■ Try it ■
Only one stretch of the listing below is wanted. Give it again exactly, from the line with "훈련에 참여한 무인수상정은" through the line with "وَبِه قَالَ حَدثنَا".
─── Excerpted records
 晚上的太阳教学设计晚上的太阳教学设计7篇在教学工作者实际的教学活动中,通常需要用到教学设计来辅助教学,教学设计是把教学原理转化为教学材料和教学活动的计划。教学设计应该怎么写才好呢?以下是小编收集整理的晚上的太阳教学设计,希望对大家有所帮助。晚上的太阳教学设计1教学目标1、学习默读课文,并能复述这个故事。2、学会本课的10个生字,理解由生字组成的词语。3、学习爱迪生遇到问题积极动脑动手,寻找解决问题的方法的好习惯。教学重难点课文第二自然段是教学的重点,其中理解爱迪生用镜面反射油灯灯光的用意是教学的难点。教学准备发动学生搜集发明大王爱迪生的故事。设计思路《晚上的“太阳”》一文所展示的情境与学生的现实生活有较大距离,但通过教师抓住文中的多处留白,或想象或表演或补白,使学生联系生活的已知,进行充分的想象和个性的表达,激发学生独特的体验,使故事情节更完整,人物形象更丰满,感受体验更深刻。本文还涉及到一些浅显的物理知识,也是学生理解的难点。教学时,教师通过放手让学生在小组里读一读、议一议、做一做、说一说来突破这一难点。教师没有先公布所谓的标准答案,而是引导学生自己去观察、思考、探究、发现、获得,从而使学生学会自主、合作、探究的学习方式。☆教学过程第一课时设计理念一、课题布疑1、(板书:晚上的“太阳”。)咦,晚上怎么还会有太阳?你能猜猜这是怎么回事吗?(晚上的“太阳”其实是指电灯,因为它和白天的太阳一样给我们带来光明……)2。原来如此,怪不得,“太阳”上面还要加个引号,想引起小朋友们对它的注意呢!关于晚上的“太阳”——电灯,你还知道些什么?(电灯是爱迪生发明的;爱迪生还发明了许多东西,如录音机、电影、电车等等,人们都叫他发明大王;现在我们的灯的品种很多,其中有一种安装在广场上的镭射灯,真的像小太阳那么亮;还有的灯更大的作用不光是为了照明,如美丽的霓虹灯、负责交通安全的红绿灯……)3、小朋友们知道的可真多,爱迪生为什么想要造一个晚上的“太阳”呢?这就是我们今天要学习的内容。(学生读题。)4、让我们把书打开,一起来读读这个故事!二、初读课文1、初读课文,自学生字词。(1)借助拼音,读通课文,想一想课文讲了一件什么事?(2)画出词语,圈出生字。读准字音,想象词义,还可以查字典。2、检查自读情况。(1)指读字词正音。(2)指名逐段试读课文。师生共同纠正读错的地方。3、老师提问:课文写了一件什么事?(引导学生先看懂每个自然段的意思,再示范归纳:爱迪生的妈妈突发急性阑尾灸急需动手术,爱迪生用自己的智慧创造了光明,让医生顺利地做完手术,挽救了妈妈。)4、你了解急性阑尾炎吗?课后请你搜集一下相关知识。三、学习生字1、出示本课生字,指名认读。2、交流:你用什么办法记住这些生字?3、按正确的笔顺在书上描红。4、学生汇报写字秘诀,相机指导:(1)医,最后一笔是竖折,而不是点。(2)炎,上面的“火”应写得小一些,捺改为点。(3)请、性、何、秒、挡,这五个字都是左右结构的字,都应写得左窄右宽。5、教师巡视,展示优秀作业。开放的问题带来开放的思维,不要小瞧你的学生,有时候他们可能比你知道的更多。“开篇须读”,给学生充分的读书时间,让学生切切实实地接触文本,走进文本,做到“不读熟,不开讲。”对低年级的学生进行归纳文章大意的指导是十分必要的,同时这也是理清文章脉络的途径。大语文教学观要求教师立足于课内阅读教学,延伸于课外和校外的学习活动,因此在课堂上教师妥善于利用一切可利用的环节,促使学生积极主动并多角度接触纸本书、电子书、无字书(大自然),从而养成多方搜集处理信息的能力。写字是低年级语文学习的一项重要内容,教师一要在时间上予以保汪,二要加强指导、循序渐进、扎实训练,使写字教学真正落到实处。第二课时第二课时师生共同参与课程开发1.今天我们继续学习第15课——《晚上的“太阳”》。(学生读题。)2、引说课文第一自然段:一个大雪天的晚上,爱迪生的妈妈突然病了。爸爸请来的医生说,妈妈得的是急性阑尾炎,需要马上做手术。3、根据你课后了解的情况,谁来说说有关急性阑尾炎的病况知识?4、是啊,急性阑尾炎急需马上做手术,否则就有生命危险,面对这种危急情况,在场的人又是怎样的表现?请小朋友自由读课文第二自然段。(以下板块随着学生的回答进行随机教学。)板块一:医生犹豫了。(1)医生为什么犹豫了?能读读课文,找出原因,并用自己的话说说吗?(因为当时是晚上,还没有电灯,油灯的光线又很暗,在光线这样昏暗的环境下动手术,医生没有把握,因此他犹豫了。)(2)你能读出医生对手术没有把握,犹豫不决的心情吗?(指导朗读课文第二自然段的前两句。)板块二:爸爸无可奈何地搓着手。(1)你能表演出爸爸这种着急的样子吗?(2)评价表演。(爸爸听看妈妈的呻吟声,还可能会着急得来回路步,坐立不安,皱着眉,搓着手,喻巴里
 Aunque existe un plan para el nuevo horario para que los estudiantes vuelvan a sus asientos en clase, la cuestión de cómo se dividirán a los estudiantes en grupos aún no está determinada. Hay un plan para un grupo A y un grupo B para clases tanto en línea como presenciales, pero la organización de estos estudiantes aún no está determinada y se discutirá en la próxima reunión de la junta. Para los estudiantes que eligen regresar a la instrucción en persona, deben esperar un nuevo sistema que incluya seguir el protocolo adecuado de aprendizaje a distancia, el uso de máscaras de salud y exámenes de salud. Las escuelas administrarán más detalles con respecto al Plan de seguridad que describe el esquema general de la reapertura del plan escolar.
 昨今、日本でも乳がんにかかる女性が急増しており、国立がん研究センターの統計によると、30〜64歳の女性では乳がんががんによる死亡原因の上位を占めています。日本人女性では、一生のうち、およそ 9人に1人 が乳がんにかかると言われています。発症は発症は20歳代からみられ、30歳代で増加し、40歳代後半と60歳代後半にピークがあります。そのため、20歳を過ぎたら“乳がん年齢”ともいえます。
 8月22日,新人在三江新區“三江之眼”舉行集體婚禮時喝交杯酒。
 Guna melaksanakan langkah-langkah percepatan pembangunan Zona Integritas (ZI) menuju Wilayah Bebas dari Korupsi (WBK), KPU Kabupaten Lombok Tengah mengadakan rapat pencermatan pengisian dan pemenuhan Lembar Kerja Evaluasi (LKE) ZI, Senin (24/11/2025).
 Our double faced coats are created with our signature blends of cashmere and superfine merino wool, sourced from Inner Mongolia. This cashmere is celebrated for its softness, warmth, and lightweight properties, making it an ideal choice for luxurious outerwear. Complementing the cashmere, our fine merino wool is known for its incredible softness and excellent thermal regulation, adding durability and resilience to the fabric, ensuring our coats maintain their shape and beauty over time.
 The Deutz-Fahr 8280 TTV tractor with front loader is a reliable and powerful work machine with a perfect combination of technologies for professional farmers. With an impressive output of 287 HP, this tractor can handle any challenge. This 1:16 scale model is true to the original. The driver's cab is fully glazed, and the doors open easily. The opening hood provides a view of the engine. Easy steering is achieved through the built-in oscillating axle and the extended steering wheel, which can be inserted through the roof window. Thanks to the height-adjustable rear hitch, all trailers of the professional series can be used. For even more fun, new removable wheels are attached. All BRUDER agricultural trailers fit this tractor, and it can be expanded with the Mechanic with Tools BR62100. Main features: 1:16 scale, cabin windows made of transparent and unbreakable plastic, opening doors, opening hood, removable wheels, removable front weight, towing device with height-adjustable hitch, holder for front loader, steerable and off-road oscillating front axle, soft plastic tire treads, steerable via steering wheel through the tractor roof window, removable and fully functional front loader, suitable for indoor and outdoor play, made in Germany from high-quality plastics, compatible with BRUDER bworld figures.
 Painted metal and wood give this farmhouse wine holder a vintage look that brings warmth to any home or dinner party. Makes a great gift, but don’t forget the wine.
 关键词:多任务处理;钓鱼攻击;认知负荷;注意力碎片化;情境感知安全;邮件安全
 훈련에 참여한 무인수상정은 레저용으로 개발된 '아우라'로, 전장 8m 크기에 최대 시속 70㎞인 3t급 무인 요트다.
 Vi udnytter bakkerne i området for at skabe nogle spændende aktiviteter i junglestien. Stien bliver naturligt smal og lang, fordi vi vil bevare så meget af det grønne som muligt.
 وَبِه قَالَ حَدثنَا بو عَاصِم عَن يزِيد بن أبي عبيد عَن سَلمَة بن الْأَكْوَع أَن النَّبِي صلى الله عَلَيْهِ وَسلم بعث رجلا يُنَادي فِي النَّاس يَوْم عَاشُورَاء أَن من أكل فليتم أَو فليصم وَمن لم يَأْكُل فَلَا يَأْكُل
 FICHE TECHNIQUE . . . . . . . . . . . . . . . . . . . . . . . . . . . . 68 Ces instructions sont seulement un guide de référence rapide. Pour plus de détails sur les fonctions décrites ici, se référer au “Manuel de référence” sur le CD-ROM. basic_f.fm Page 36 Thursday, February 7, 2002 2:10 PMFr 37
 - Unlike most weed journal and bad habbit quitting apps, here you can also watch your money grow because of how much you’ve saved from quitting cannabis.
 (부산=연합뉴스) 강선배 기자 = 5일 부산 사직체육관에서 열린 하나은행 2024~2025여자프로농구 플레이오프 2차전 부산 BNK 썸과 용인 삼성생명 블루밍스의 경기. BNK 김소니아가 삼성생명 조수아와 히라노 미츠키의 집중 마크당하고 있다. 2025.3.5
──────
■ Solved exercise ■
 훈련에 참여한 무인수상정은 레저용으로 개발된 '아우라'로, 전장 8m 크기에 최대 시속 70㎞인 3t급 무인 요트다.
 Vi udnytter bakkerne i området for at skabe nogle spændende aktiviteter i junglestien. Stien bliver naturligt smal og lang, fordi vi vil bevare så meget af det grønne som muligt.
 وَبِه قَالَ حَدثنَا بو عَاصِم عَن يزِيد بن أبي عبيد عَن سَلمَة بن الْأَكْوَع أَن النَّبِي صلى الله عَلَيْهِ وَسلم بعث رجلا يُنَادي فِي النَّاس يَوْم عَاشُورَاء أَن من أكل فليتم أَو فليصم وَمن لم يَأْكُل فَلَا يَأْكُل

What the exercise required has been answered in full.